這大半年來,他找過很多和白筱筱長得相似的女人來填補他心裡的空虛,可每次和她們發生關係後,他的心就變得越發空洞起來,因為她們終究不是白筱筱。
「澤嶼,你是我的朋友,不管我有沒有愛上陸瑾川,我和你永遠都不可能了。」不知道過了多久,白筱筱深深嘆了口氣,將這句話說了出來。
曾經的她確實怨恨過陸澤嶼對自己的不信任,但那都是過去了!畢竟是相愛過的人,白筱筱也不想兩人再度見面,會變得太過難堪。
「朋友?哈哈哈哈,」
陸澤嶼突然抑制不住地笑出聲,笑著笑著表情卻又忍不住悲傷起來。
不遠處的陰影里,站著一道身影,似乎是站在那裡好久了。
蘇曼妮儘管早就做好陸澤嶼和白筱筱見面的情景,可令她萬萬沒有想到的是,他們兩人竟然會以這麼親昵的方式見面,此時的蘇曼妮只覺得心裡猶如千萬隻螞蟻在啃噬著自己。
她原本想回房間將那些照片藏好,卻發現陸澤嶼鬼鬼祟祟地出門。
出於好奇,所以她悄悄地跟在了陸澤嶼的身後,卻沒想到會看見這麼刺眼的一幕。
蘇曼妮深深吸了口氣後,轉身向著來時的方向走去,此時的她看上去狼狽不堪。
「哐——」
厚重的房門被她用力甩上,關門聲吵醒了還在嬰兒床上熟睡的孩子。
蘇曼妮剛剛坐在梳妝檯前,孩子便大聲地哭起來,好在房間隔音效果很好,並未吵到別墅的其他人。
蘇曼妮陰狠的目光落在了那個孩子的身上,她像是想起什麼,連忙站起身反鎖了房門,然後踉蹌地走到梳妝檯前,手指顫抖著拉開抽屜,拿出裡面的香菸和打火機。
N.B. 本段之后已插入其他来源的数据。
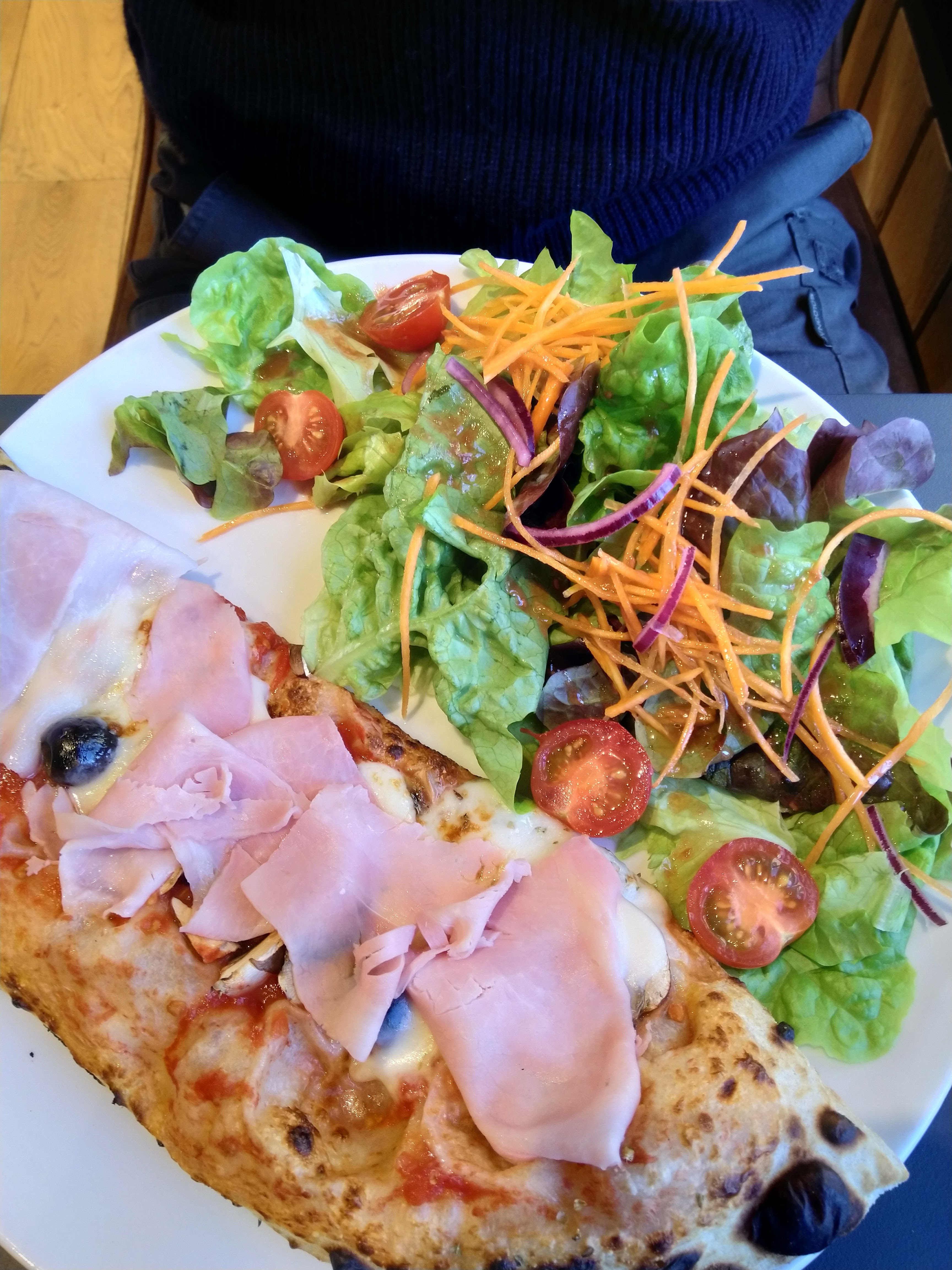 Ambiance très agréable 😊 Cuisine top 👌 Service irréprochable 👍 Établissement que je recommande vivement ! L'idée de la 1/2 pizzas + salade composée = 👍😋 Pour le dessert, le café gourmand, à déguster absolument !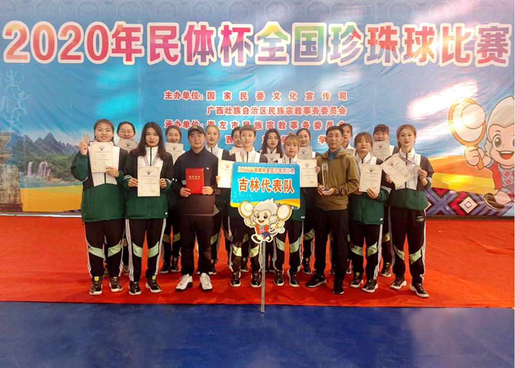 近日,由国家民委文化宣传司和广西壮族自治区民族宗教事务委员会主办,崇左市民宗委和广西民族师范学院承办的2020年“民体杯”全国珍珠球比赛在崇左市举办,大赛有来自吉林、宁夏、浙江、湖南、重庆、河北、江苏、广西等省(区、市)的12支代表队参赛。我校体育学院首次派出女子珍珠球运动队代表吉林省参赛,在教练佟云龙老师的指导下,经过3天的激烈角逐,最终获得本次比赛二等奖。

打火機打了好幾遍都沒打著火,嘗試了無數次後,火苗終於燃起。
白霧繚繞升騰,模糊了蘇曼妮憔悴猙獰的眉眼。她不知道自己是從何時染上抽菸的壞習慣,但此時香菸卻成了她唯一的宣洩出口。
再次狠狠吸了一口煙後,由於動作太過急促,嗆得蘇曼妮劇烈咳嗽,整個人跌坐在柔軟的地毯上。
耳邊孩子是尖銳又聒噪的啼哭聲,蘇曼妮像是想起什麼,慌亂地拿起身旁的包包,將裡面被錫紙包住的東西拿出來,隨後像是下定了什麼決心一般,打開了那包錫紙。
然後用打火機點燃,用力吸了一口,沒過一會兒,蘇曼妮只覺得自己的身體飄飄欲仙,臉上掛著痴傻的笑。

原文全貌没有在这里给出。